Start of Dataset content
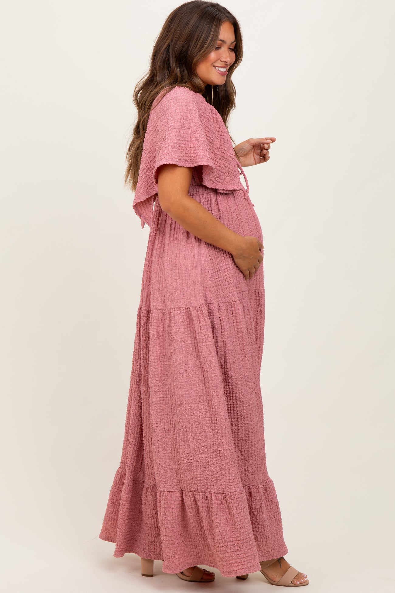 Mauve Woven Textured Flutter Sleeve V-Neck Tiered Maternity Maxi Dress
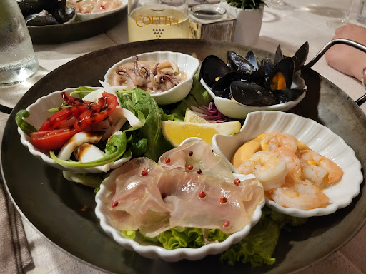 Partiamo dal servizio, estremamente lento nonostante ci fossero solo 2 tavoli oltre al nostro. Menu molto povero di selezione. Antipasto terra servito con salumi molto vecchi e per niente freschi, il pane di accompagnamento era duro come sassi. Impepata di cozze pessima, pesce veramente di bassa qualita, cosi come i fritti. I primi sono porzioni da bambini e uno si aspetterebbe piccola porzione equivale a ottima qualità...beh non qui. Risotto ai funghi insipido, funghi scongelati annacquati...oltre ad aver aspettato 1h e mezza dopo l antipasto per averlo. Dopo un altra mezz ora arriva la carne, tagliata di manzo...fredda...non si poteva certo definire manzo, le bistecche sottocosto dei supermercati son piu saporite. Se prendete menù e non ordinate alla carta, per il dessert avete una ampissima scelta di dolci...profitterol (1 sola palla) o tiramisu servito in coppe di plastica dei gelati del supermercato. Nulla di piu. Amari incredibilmente serviti dentro bicchieri di plastica. Sconsiglio...
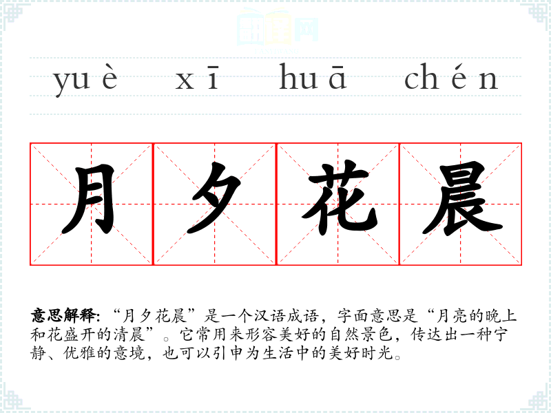 “月夕花晨”是一个汉语成语,字面意思是“月亮的晚上和花盛开的清晨”。它常用来形容美好的自然景色,传达出一种宁静、优雅的意境,也可以引申为生活中的美好时光。
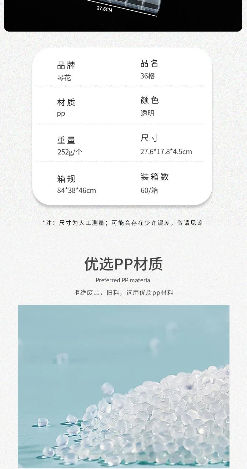 Caja de almacenamiento de plástico transparente extraíble de 36 rejillas para joyas, cosméticos, pesca, herramientas, tornillos, acabado de escritorio
End of Dataset content
What the answer must hold: all the data above, given again exactly, without pictures.

# Task response
 Mauve Woven Textured Flutter Sleeve V-Neck Tiered Maternity Maxi Dress
 Partiamo dal servizio, estremamente lento nonostante ci fossero solo 2 tavoli oltre al nostro. Menu molto povero di selezione. Antipasto terra servito con salumi molto vecchi e per niente freschi, il pane di accompagnamento era duro come sassi. Impepata di cozze pessima, pesce veramente di bassa qualita, cosi come i fritti. I primi sono porzioni da bambini e uno si aspetterebbe piccola porzione equivale a ottima qualità...beh non qui. Risotto ai funghi insipido, funghi scongelati annacquati...oltre ad aver aspettato 1h e mezza dopo l antipasto per averlo. Dopo un altra mezz ora arriva la carne, tagliata di manzo...fredda...non si poteva certo definire manzo, le bistecche sottocosto dei supermercati son piu saporite. Se prendete menù e non ordinate alla carta, per il dessert avete una ampissima scelta di dolci...profitterol (1 sola palla) o tiramisu servito in coppe di plastica dei gelati del supermercato. Nulla di piu. Amari incredibilmente serviti dentro bicchieri di plastica. Sconsiglio...
 “月夕花晨”是一个汉语成语,字面意思是“月亮的晚上和花盛开的清晨”。它常用来形容美好的自然景色,传达出一种宁静、优雅的意境,也可以引申为生活中的美好时光。
 Caja de almacenamiento de plástico transparente extraíble de 36 rejillas para joyas, cosméticos, pesca, herramientas, tornillos, acabado de escritorio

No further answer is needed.